3.3.1. Knowledge Infrastructure

The knowledge infrastructure dimension was addressed in 86.8% (n = 66) of the publications. Some of these publications (40.8%, n = 31) targeted the factors that create enabling condition for scaling CSA technologies. A set of articles conclude that despite the technical feasibility and the biophysical performances of CSA technologies, their uptake can remain low if the users, for example smallholder farmers, do not perceive the direct benefits they can gain from the technology. For farmers, the first goal of adopting CSA technologies is about the profits they can have from using the technologies, rather than the positive environmental benefits [38,78,79]. Such reward schemes represent a big boost for the farmer livelihoods and provide incentives for them to make decisions in favor of the CSA technologies [60]. This is similar to what happens at the decision stage of adoption processes as described by Rogers [80] which involves the weighing of benefits, disadvantages, and trade-offs to inform the decision of adoption or rejection of a proposed technology. Clearly, the environmental impact is not always the target of technology users, but mainly how the externalities generated from the use of CSA technologies contribute to household needs—both food security and household incomes.
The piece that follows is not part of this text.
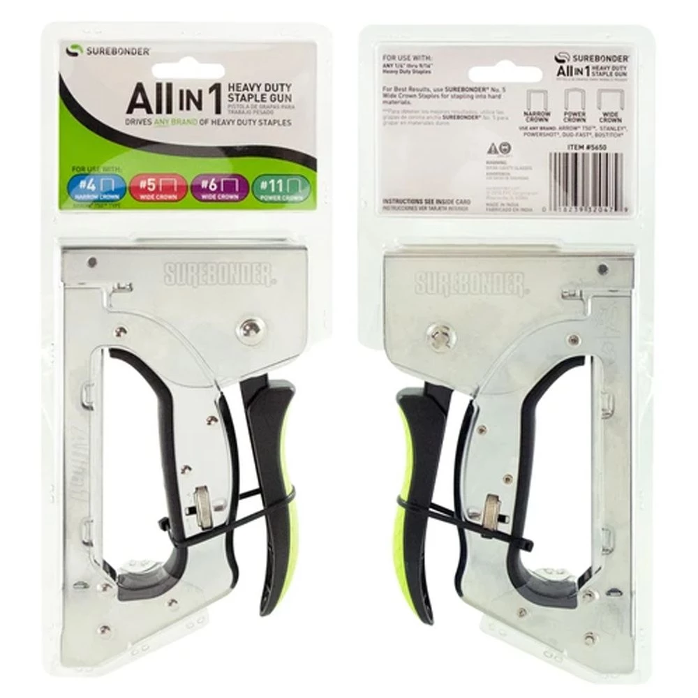 Surebonder All-In-1 Heavy Duty Staple Gun uses any brand or size of heavy duty staples. Uses any standard type heavy duty staples Surebonder no.4, no.5, no.6, no.11 heavy duty staples or Arrow T50, Powerfast, Stanley, Duo-Fast, Bostitch, Craftsman, Master Mechanic, Do-it, Ace Hardware, Black & Decker, and Unifix staples. Easy drop in staple loading and cushioned non-slip grip. Viewing window lets you know if you need to load staples. Patent pending.
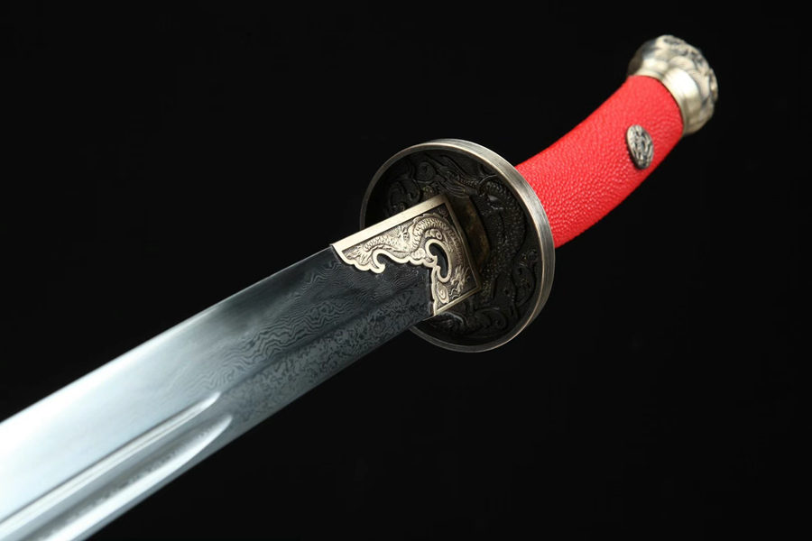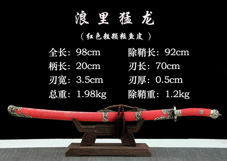 装具:纯铜精雕、精细打磨、做旧;剑鞘:粗颗粒真鱼皮;剑身:百炼花纹钢、手工锻造、精细手磨14582820;花纹钢烧刃另加155。

Likewise, Alem, et al. [42] presented the system of rice intensification (SRI), which is widely used in low-rainfall areas. The increased use of SRI is not related to the climate smart label of the technology, but people adopt the technology because it generates significant benefits for users. On average, participation in SRI increases yield per acre by about 58% and it requires less water [42]. This also results in a substantial reduction in the amount of methane emitted to the atmosphere, which is the embedded climate impact [81]. Kpadonou, et al. [13] also makes a similar conclusion, estimating that the availability of labor, security over land tenure, and capacity building are the major drivers of farmers’ decisions to adopt CSA technology. Again, the positive environmental outcome of the CSA technology alone is not enough to stimulate its uptake.
Another category of publications (81.6%, n = 62) provided a more comprehensive understanding of challenges surrounding the adoption of CSA practices and emphasized the need for additional support, such as enabling policy to facilitate their uptake [13,82,83]. Along the same lines, Dougill, et al. [51] and Pulkkinen, et al. [57] highlighted the role that knowledge, communication, and capacity building all play in stimulating and enhancing the adoption of CSA options.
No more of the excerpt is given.